Trigonometry (Pure 1) — A-Level Mathematics Pure 1 Study Guide

For: A-Level Mathematics candidates sitting Paper 1 (Pure Mathematics 1).

Covers: Sine and cosine rules, area of a triangle formula, graphs of sine, cosine and tangent, core trigonometric identities, solving trigonometric equations, graph transformations, and exact values for special angles.

You should already know: IGCSE / Add-Maths algebra, sketching basic curves, solving linear and simple quadratic equations.

A note on the practice questions: All worked questions in the "Practice Questions" section below are original problems written by us in the A-Level Mathematics style for educational use. They are not reproductions of past Cambridge International examination papers and may differ in wording, numerical values, or context. Use them to practise the technique; cross-check with official Cambridge mark schemes for grading conventions.

1. What Is Trigonometry (Pure 1)?

Trigonometry is the branch of mathematics that describes relationships between the side lengths and angles of triangles, extended to model periodic, cyclic phenomena such as waves, oscillations, and circular motion. For A-Level Mathematics Paper 1, this topic contributes 15-20% of total exam marks, and is often combined with coordinate geometry, calculus, or geometric proof questions to test cross-topic application.

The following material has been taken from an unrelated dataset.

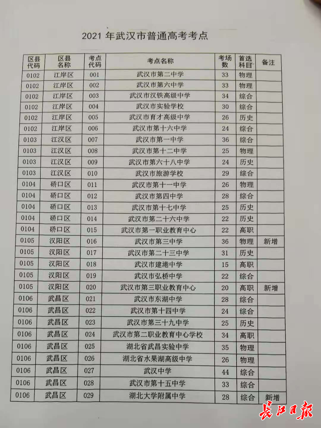 官方發(fā)布武漢市2021年高考考點(diǎn)。記者劉嘉 攝

2. Sine and cosine rules; area $\frac{1}{2}ab\sin C$

These rules apply to all non-right-angled and right-angled triangles, removing the limitation of basic SOHCAHTOA which only works for right-angled triangles. For a standard labelled triangle where side $a$ is opposite angle $A$, side $b$ opposite angle $B$, and side $c$ opposite angle $C$:

• Sine Rule: Relates side lengths to the sine of their opposite angles: $$\frac{a}{\sin A}=\frac{b}{\sin B}=\frac{c}{\sin C}$$ Use this when you have 2 angles and 1 side, or 2 sides and a non-included angle. Note the ambiguous case: if you have 2 sides and a non-included acute angle, there may be 2 valid solutions for the missing angle (one acute, one obtuse, as $\sin x=\sin (180^{\circ }-x)$).
• Cosine Rule: Relates three sides to one included angle: $$a^2=b^2+c^2-2bc\cos A\text{or rearranged}\cos A=\frac{b^2+c^2-a^2}{2bc}$$ Use this when you have 3 sides, or 2 sides and the included angle between them.
• Area of a triangle: Uses two sides and the included angle between them: $$\text{Area}=\frac{1}{2}ab\sin C$$

Worked Example: A triangle has sides 6cm and 9cm, with an included angle of $45^{\circ }$. Calculate its area to 2 decimal places. Substitute into the area formula: $$\text{Area}=\frac{1}{2}\times 6\times 9\times \sin 45^{\circ }=27\times \frac{\sqrt{2}}{2}\approx 19.09{\text{ cm}}^2$$

Exam tip: Always confirm if your calculator is set to degrees or radians before solving triangle questions, as this is the most common avoidable error on this subtopic.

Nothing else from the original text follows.